La arquitectura griega, tiene mucho que ver con la cultura y pensamiento de la Antigua Grecia. Algunos aspectos destacables de la misma son su antropocentrismo y cierta capacidad de abstracción matemática que se manifiesta en sus formas y proporciones.



La arquitectura griega se aleja de las expresiones del poder absoluto o el culto a la vida eterna que se manifestaron en el Antiguo Egipto, para buscar una arquitectura a la medida del hombre, integrada en el entorno natural y partícipe de conceptos matemáticos como la simetría y la proporción entre las diversas partes que den lugar a lo que los griegos llamaron armonía. No se trataba de deslumbrar al mundo sino, más bien, de mantener un diálogo abierto con la racionalidad humana.

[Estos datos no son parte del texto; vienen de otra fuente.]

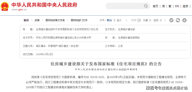 ▲《住宅项目规范》公告丨图源中央人民政府网
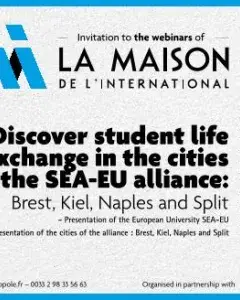 La Maison de l’international et l’Université européenne (SEA-EU) propose un webinaire le jeudi 2 avril, à 12h30, pour découvrir le programme d’échange étudiant dans les villes partenaires de l’alliance SEA-EU : Brest, Kiel, Naples et Split.
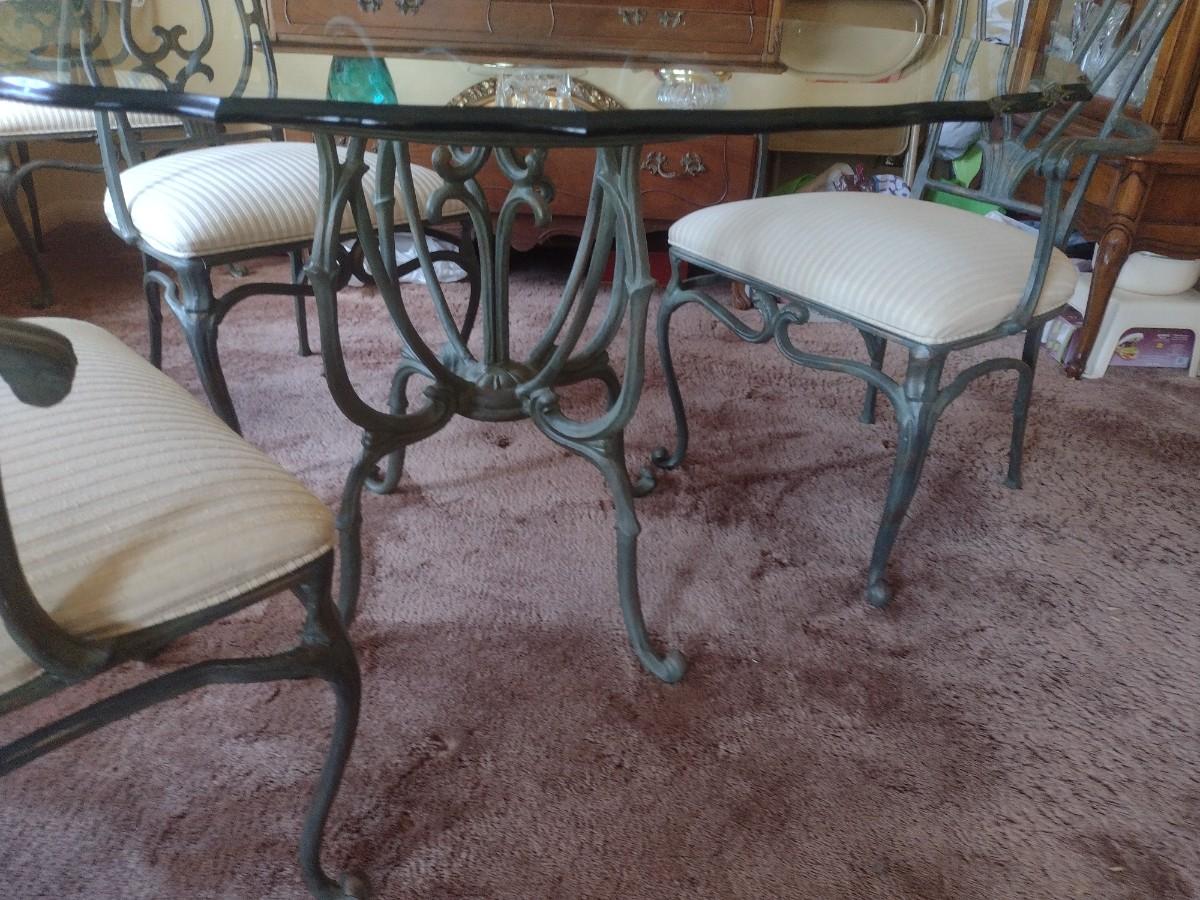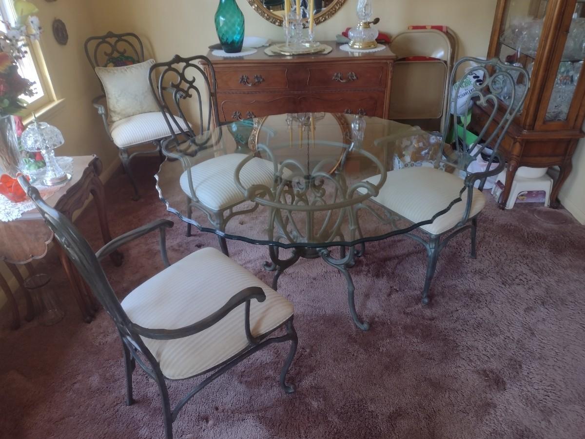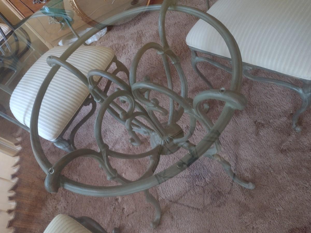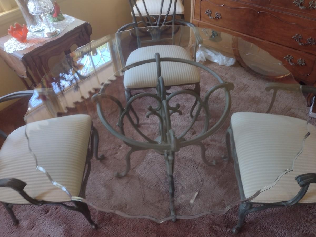 Thomasville Wrought Metal Five Piece Scalloped Edge Glass Top Table and Chair Set
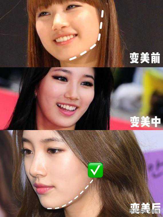 肤色ok了,下一步是轮廓(脸型),然后再考虑可以锦上添花的。轮廓是五官的框架,可以说面部里面轮廓是基础,所谓你能整成什么样,都取决于你的硬件基础,下面举几个韩星的例子:
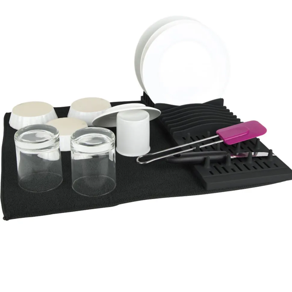 Dzięki suszarce do naczyń Airy można szybko i łatwo wysuszyć dużą ilość naczyń.Wykonana jest z przewiewnej i chłonnej matyoraz podpórki z tworzywa, dzięki czemu jestłatwa do przechowywania. Miękki i chłonny materiał pomaga szybko osuszyć naczynia, zapobiegając powstawaniu plam i smug po wodzie. To akcesorium do naczyń jest idealne dla tych, którzy mają ograniczoną przestrzeń na blacie w kuchni, ponieważnie zajmuje dużo miejsca, a jednocześnie jest w stanie wysuszyć dużą ilość naczyń.
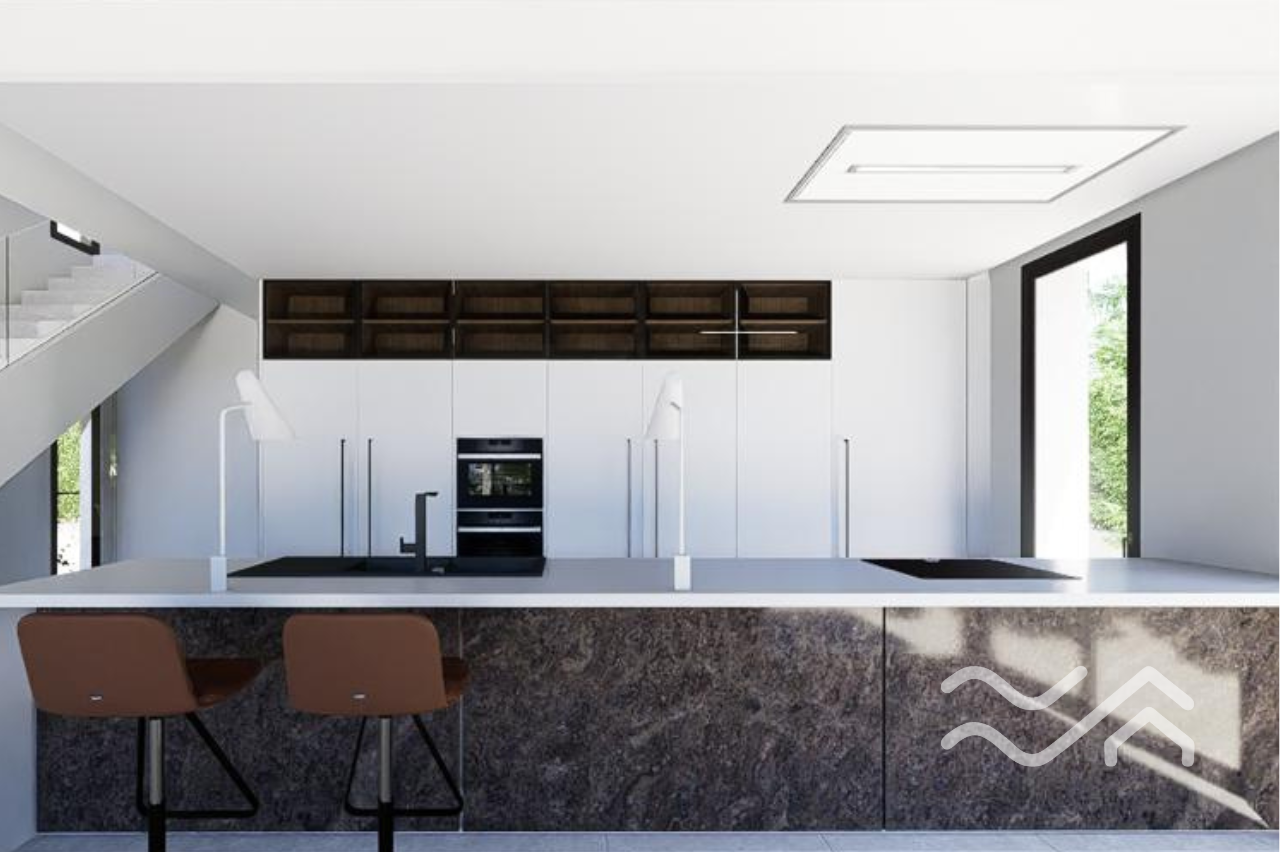 As you step inside, you’re welcomed by a bright and open living space where large windows blur the line between indoors and outdoors. Natural light pours in, creating an immediate sense of calm and space – while still feeling elegant, modern, and incredibly inviting. The kitchen and living area flow seamlessly together, forming a natural gathering point for both everyday life and long, memorable dinners with family and friends.
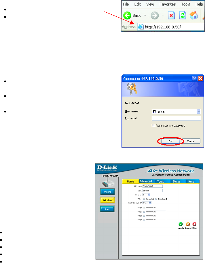 the IP Address of the DWL-700AP. The DWL-700AP’s default IP Address
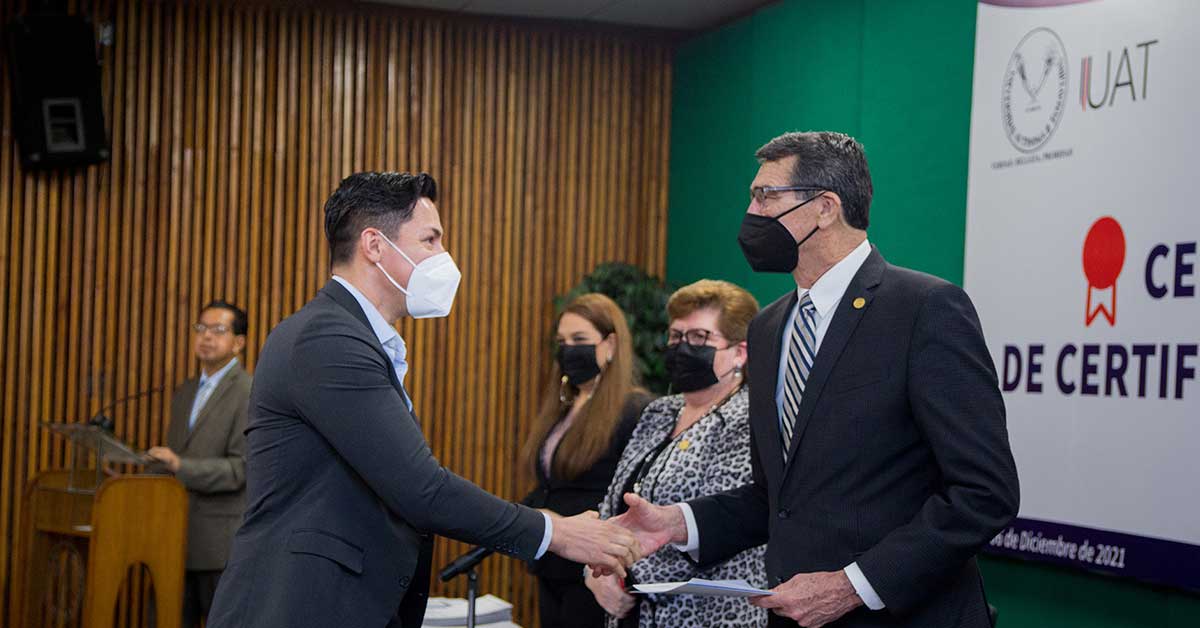 En el evento presencial realizado en el Centro de Excelencia, y transmitido por las plataformas Teams y Facebook a las distintas sedes universitarias, el Ing. Suárez Fernández hizo la entrega de 110 certificaciones en diez estándares del Consejo Nacional de Normalización y Certificación de Competencias Laborales (Red CONOCER), cuyos cursos se impartieron a través del Centro Institucional de Capacitación Docente (CICAD) de esta casa de estudios.

Así un templo griego se compone de números, ritmos y medidas, que a partir de una medida inicial o módulo configuran todas las partes el edificio. El módulo suele ser el diámetro de la columna en su parte más ancha o éntasis, y a partir de aquí se configuran los distintos elementos del edificio que en su conjunto no son más que una serie de relaciones numéricas. El templo griego es sin duda, el edificio por excelencia de la arquitectura griega.

Otro de los aspectos más destacados de la arquitectura griega fue el empleo de los diversos órdenes, en un principio, los griegos conformaron dos órdenes, el dórico y el jónico, que si en un principio trataban de utilizar distintas relaciones numéricas, con el tiempo dieron lugar a la configuración de un carácter propio, másculino y robusto el dórico, mientras el jónico se expresaba como algo más ligero, elegante y femenino.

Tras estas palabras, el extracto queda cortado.